**Exercise directions**
The full listing, excluding its pictures, should be printed exactly as it stands.

**Recorded information**
=== Section Start ===

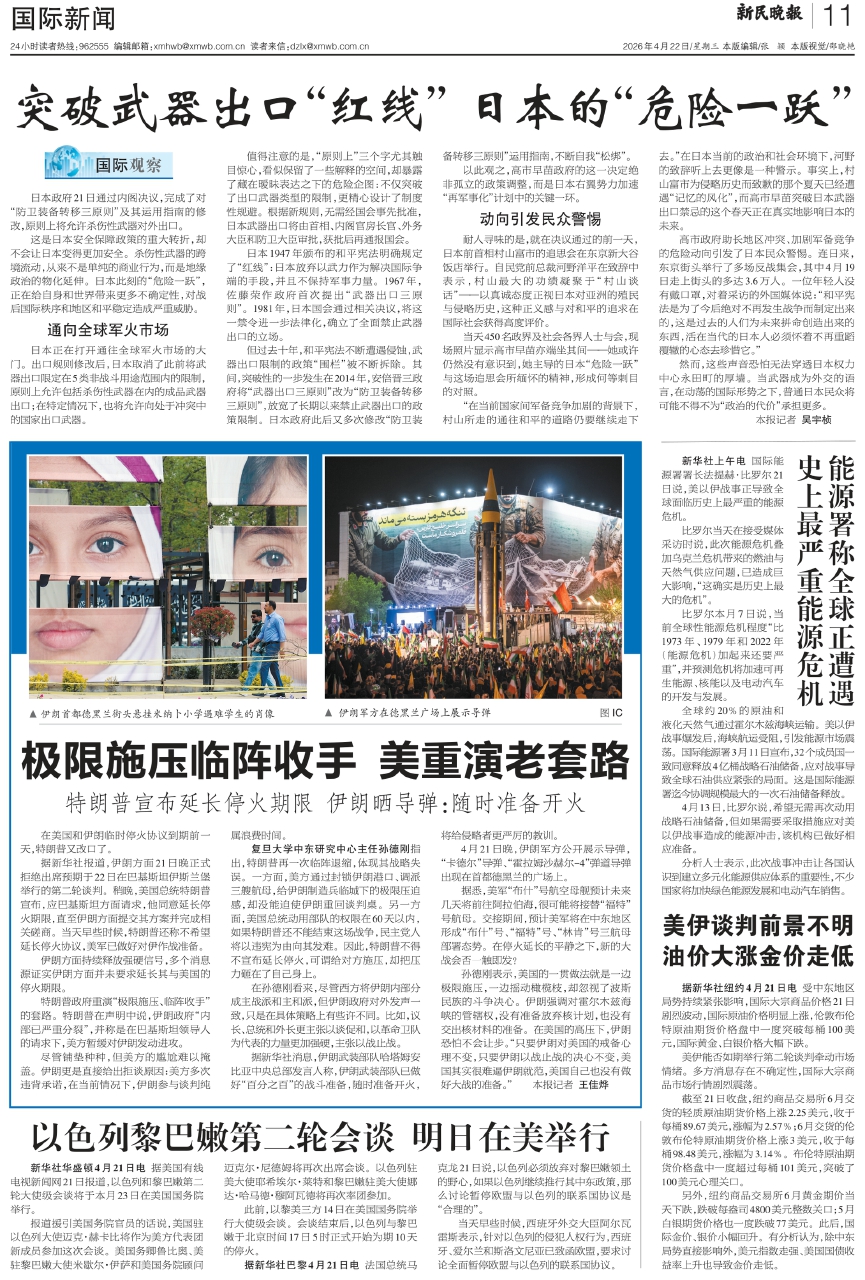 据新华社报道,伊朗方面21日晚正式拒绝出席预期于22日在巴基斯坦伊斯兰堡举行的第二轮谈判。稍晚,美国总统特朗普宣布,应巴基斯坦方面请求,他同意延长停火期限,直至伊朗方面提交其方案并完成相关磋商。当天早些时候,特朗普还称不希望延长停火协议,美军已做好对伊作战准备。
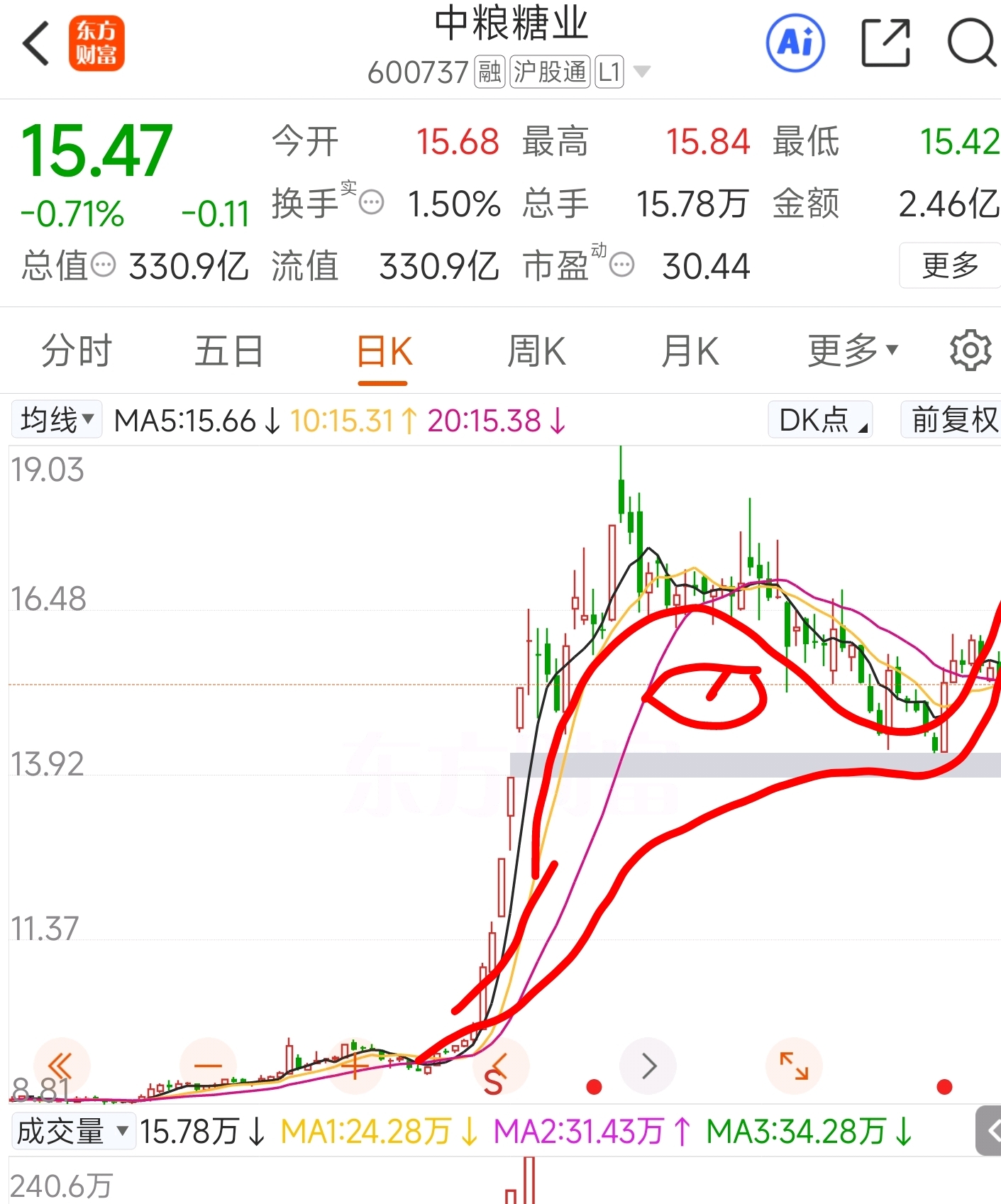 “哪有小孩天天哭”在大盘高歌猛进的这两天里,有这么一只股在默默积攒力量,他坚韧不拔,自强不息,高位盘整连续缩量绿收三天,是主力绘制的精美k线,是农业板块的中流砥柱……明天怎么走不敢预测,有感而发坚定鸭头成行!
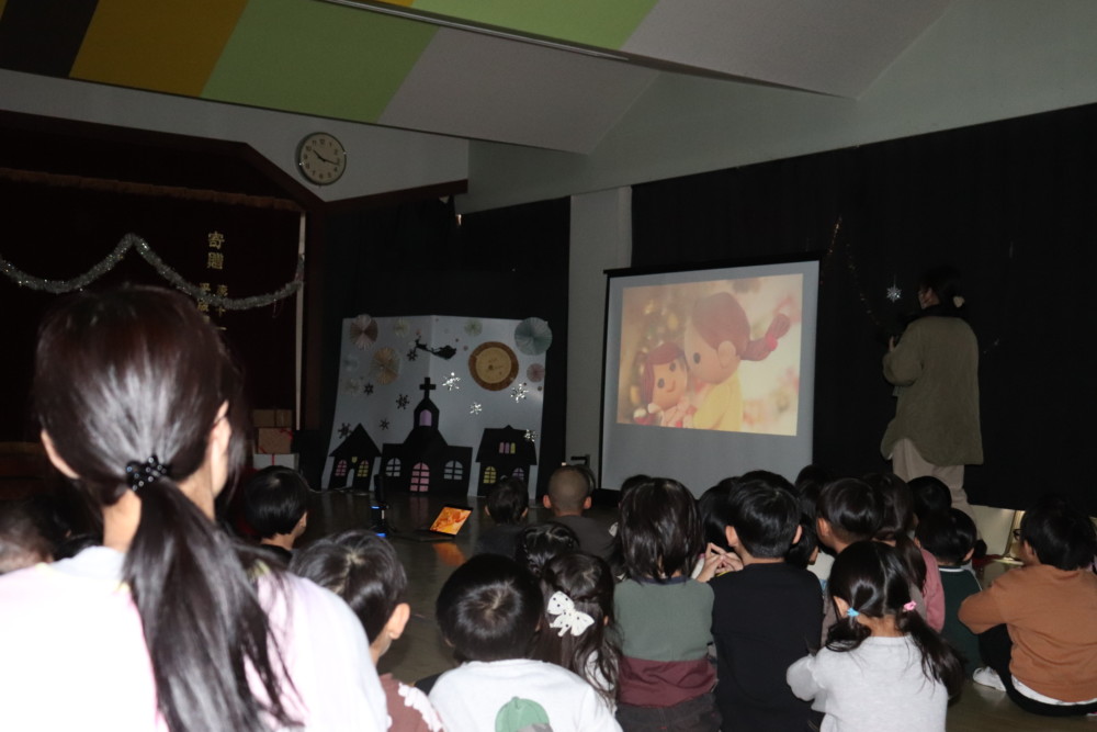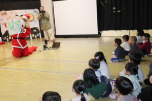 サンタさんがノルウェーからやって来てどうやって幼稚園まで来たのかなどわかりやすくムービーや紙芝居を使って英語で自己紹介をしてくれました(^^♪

=== Section End ===

**Response below**
 据新华社报道,伊朗方面21日晚正式拒绝出席预期于22日在巴基斯坦伊斯兰堡举行的第二轮谈判。稍晚,美国总统特朗普宣布,应巴基斯坦方面请求,他同意延长停火期限,直至伊朗方面提交其方案并完成相关磋商。当天早些时候,特朗普还称不希望延长停火协议,美军已做好对伊作战准备。
 “哪有小孩天天哭”在大盘高歌猛进的这两天里,有这么一只股在默默积攒力量,他坚韧不拔,自强不息,高位盘整连续缩量绿收三天,是主力绘制的精美k线,是农业板块的中流砥柱……明天怎么走不敢预测,有感而发坚定鸭头成行!
 サンタさんがノルウェーからやって来てどうやって幼稚園まで来たのかなどわかりやすくムービーや紙芝居を使って英語で自己紹介をしてくれました(^^♪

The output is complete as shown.